Date: April 2018 to July 2018
Raw Materials: 3Ts and gold
The Sustainability in Chinese Outbound Mining Investment- Sustainable Mining Action Plan (SMAP) project was funded by the UK Department for International Development (DFID) and implemented jointly by the China Chamber of Commerce of Metals, Minerals and Chemical Importers and Exporters (CCCMC) and the German Agency for Technical Cooperation (GIZ).
The project was conceived to support the practical implementation of the Guidelines for Social Responsibility in Outbound Mining Investments as well as the separate Chinese Due Diligence Guidelines for Responsible Mineral Supply Chains. Both were formulated by CCCMC. The Chamber is also leading their implementation on behalf of the Government of the People’s Republic of China.

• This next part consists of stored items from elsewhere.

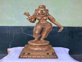 | Description / विवरण | Standing on the padma peetam in Tribhanga style. Two hands. Right holding a flower and the left in lola hastha pose. Bun shaped hair dress.Lower garments. |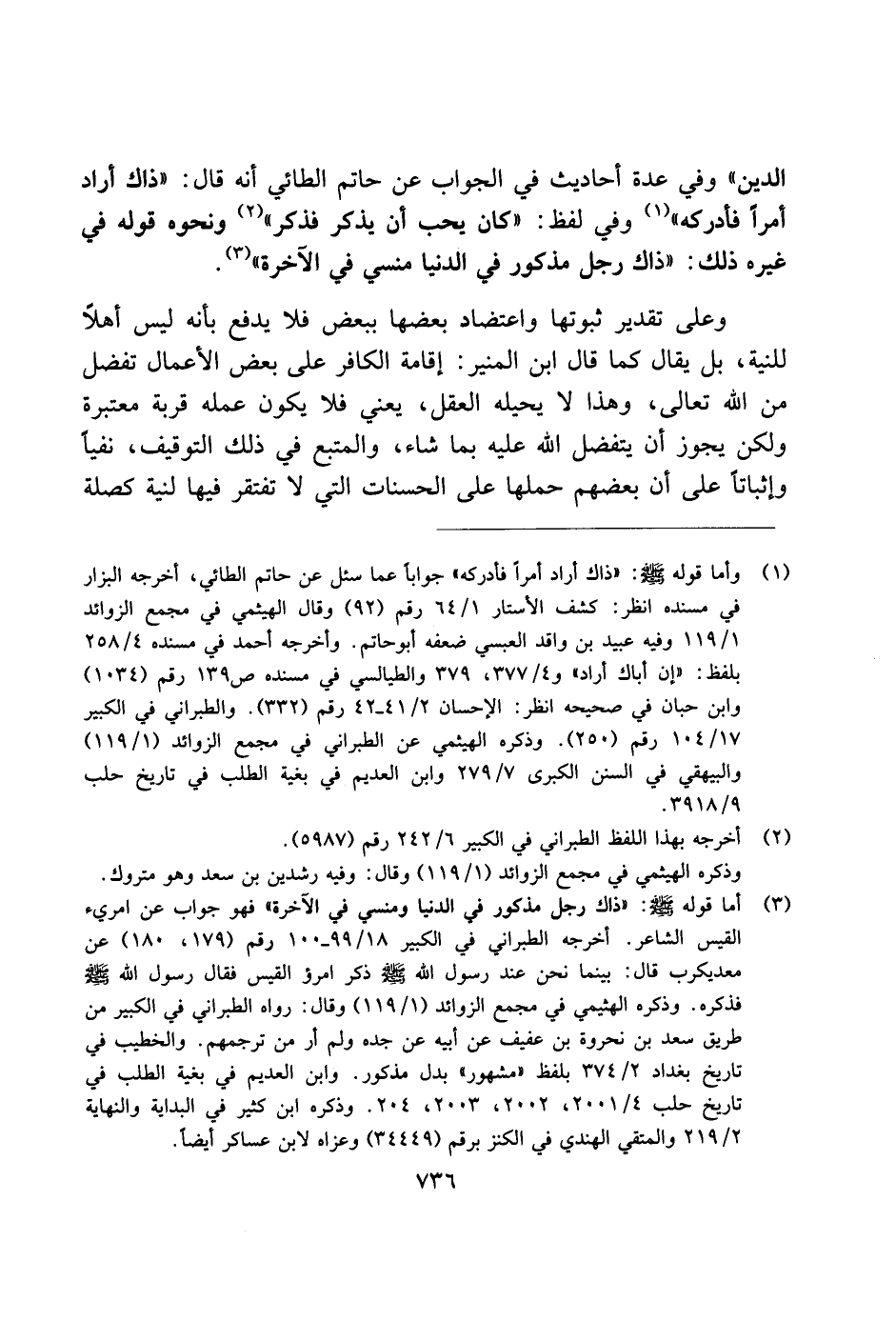 الدين" وفي عدة أحاديث في الجواب عن حاتم الطائي أنه قال: "ذاك أراد أمرًا فأدركه" وفي لفظ: "كان يحب أن يذكر فذكر" ونحوه قوله في غيره ذلك: "ذاك رجل مذكور في الدنيا منسي في الآخرة".
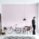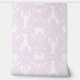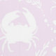 White lobsters, crabs, and seashells create a coastal design on light pink. A soft preppy coastal look for beach house style.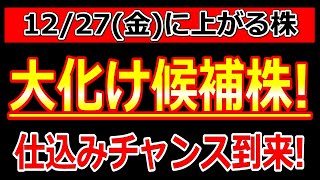 大化け候補株!仕込みチャンス到来!【12/27(金)に株価が上がる株・明日上がる株・株式投資日本株最新情報】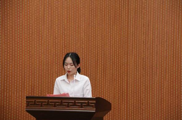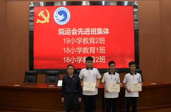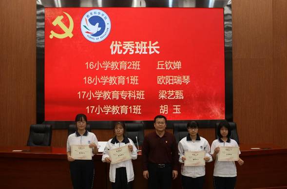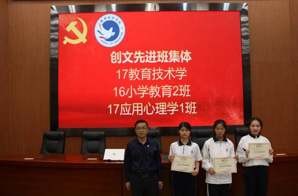 新上任学生机构代表温嘉丽代表全体新干部承诺:我们将会以全心全意为同学服务为宗旨,积极配合完成相关工作,为学院得美好明天贡献自己的一份力量!随后,学院领导分别为创文先进班集体、院运会先进班集体、刘书记为学生机构优秀干部、优秀班长颁发证书。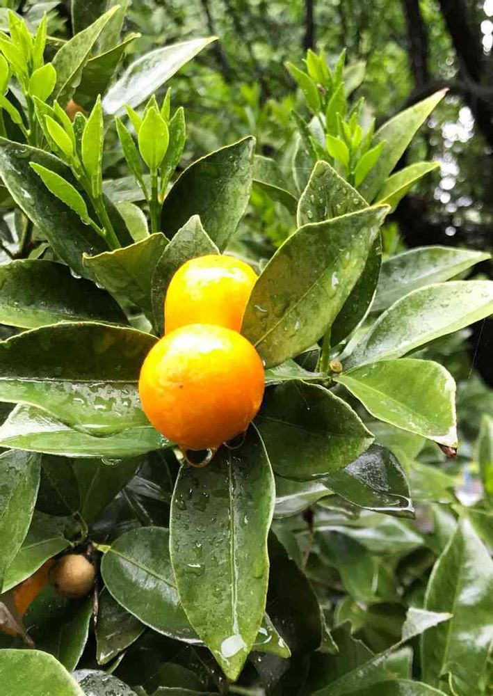 雨があがったので、出てみました。きれいに洗われた金柑がつやつやでした。毎日少しずつのビタミン補給です😊

Challenge: aligning agencies from three different countries and cultures
SMAP represented a very ambitious and innovative agenda, bringing together agencies from three countries to encourage greater responsibility in mineral supply chains involving Chinese companies. Aligning project objectives and ways of working with a shared vision of success proved difficult during the initial period of project design and implementation. In response, the three partners agreed that the project logframe should be revised to ensure it fully integrated their respective objectives.
Levin Sources was contracted by GIZ to facilitate this process. The challenge was to achieve greater shared ownership of and commitment to the revised document as the guiding framework for the remainder of the implementation period.
Solution: careful facilitation and training
An initial review of progress revealed that while all three partners were committed to the overall vision, there were important concerns about some of the project’s outcomes, how these should be delivered and on what basis success should be assessed. The project logframe, which was meant to articulate a shared approach to delivery, was instead a source of misunderstanding and frustration.
The Levin Sources team realised early on that the review process could exacerbate this situation. The team therefore focused its first visit to Beijing on establishing a common understanding of the review process, including the essential principles of listening, joint working and mutual respect. An initial discussion of output indicators also helped to establish a clearer sense of where the main disagreements lay.
The second visit was combined with capacity building sessions on the concept of ‘Theory of Change’ (with support from the ISEAL Alliance) to further build shared understanding of successful joint project steering and delivery. In parallel, detailed discussions about project activities, outputs, outcomes and impact took place – separately with the three partners and in plenary. These required compromises on all sides but eventually resulted not only in a detailed revised logframe but also a stronger sense of shared purpose and collaboration.
Results: an approved logframe
The final revised logframe and accompanying documents were presented to the CCCMC, DFID and GIZ teams during a final plenary discussion in Beijing, and agreed by all. The logframe was subsequently approved by senior managers in all three organisations.
The project team faced unique challenges in bringing all three partners together around a set of project management tools that are not widely used in China. With the combination of careful facilitation and training, they created an environment that enabled everybody to openly express their concerns and aspirations and combine these in a revised project logframe that was fully supported by all parties.